Description of the task »
The answer is an exact copy of the lines from the one with "Robert Lebeck, Ashanti-Mann" to the end of the listing below, pictures left out.

Source data »
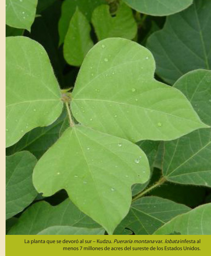
La planta que se devoró al sur – Kudzu. Pueraria montana var. lobata infesta al menos 7 millones de acres del sureste de los Estados Unidos.

9. Tenga cuidado al deshacerse de plantas invasoras. Al desechar el materia vegetal, fíjese si hay semillas, frutas o vástagos que se puedan reproducir. Queme el material vegetal siempre y cuando sea permitido y seguro o al menos embólselas para prevenir que se diseminen.
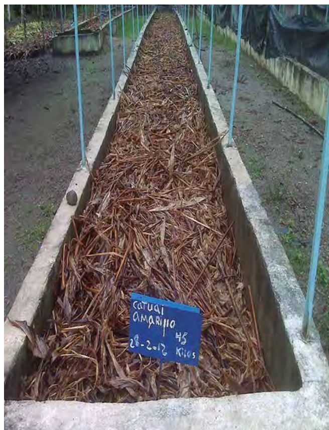
Foto 1. Germinador con cobertura de gramínea.

Sotero o siembra de la semilla: se realiza al voleo y siembra 1 kilogramo de semilla por metro cuadrado de germinador. Esparciendo la semilla de tal manera que tenga buena distribución, y para que no queden colocadas unas sobre otras. Luego se cubre la semilla con una capa de arena de 3 centímetros de espesor, cubriendo con materiales como sacos de sisal, paja seca sin semillas u otro material que permita mantener la humedad (Fotos 1 y 2). Se riega todos los días (evitando aguachinamiento) hasta el momento de la emergencia, que es cuando se levanta la cobertura para facilitar el crecimiento de los fosforitos. La semilla, dependiendo de diferentes factores que afectan su calidad, tarda en germinar de 30 a 45 días.
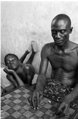
Robert Lebeck, Ashanti-Mann mit seinem Sohn beim Brettspiel, Ghana 1960
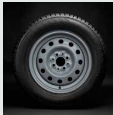
Диск штампованный серый R14
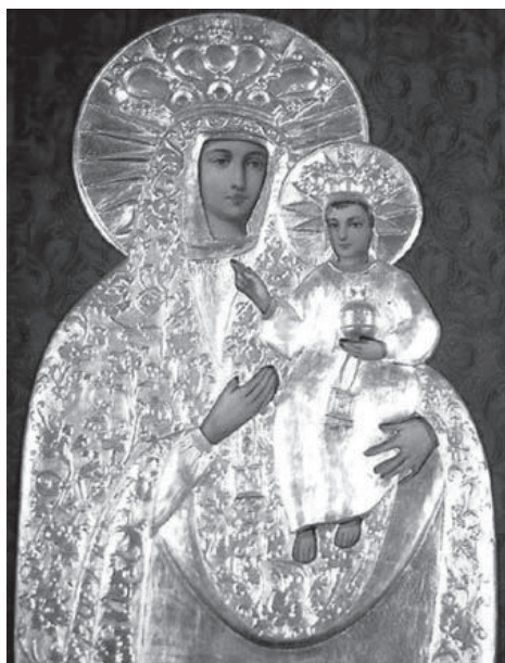
8. MB Szkaplerzna – parafia MB Królowej Polski w Zahutyniu

Output below »
Robert Lebeck, Ashanti-Mann mit seinem Sohn beim Brettspiel, Ghana 1960
Диск штампованный серый R14
8. MB Szkaplerzna – parafia MB Królowej Polski w Zahutyniu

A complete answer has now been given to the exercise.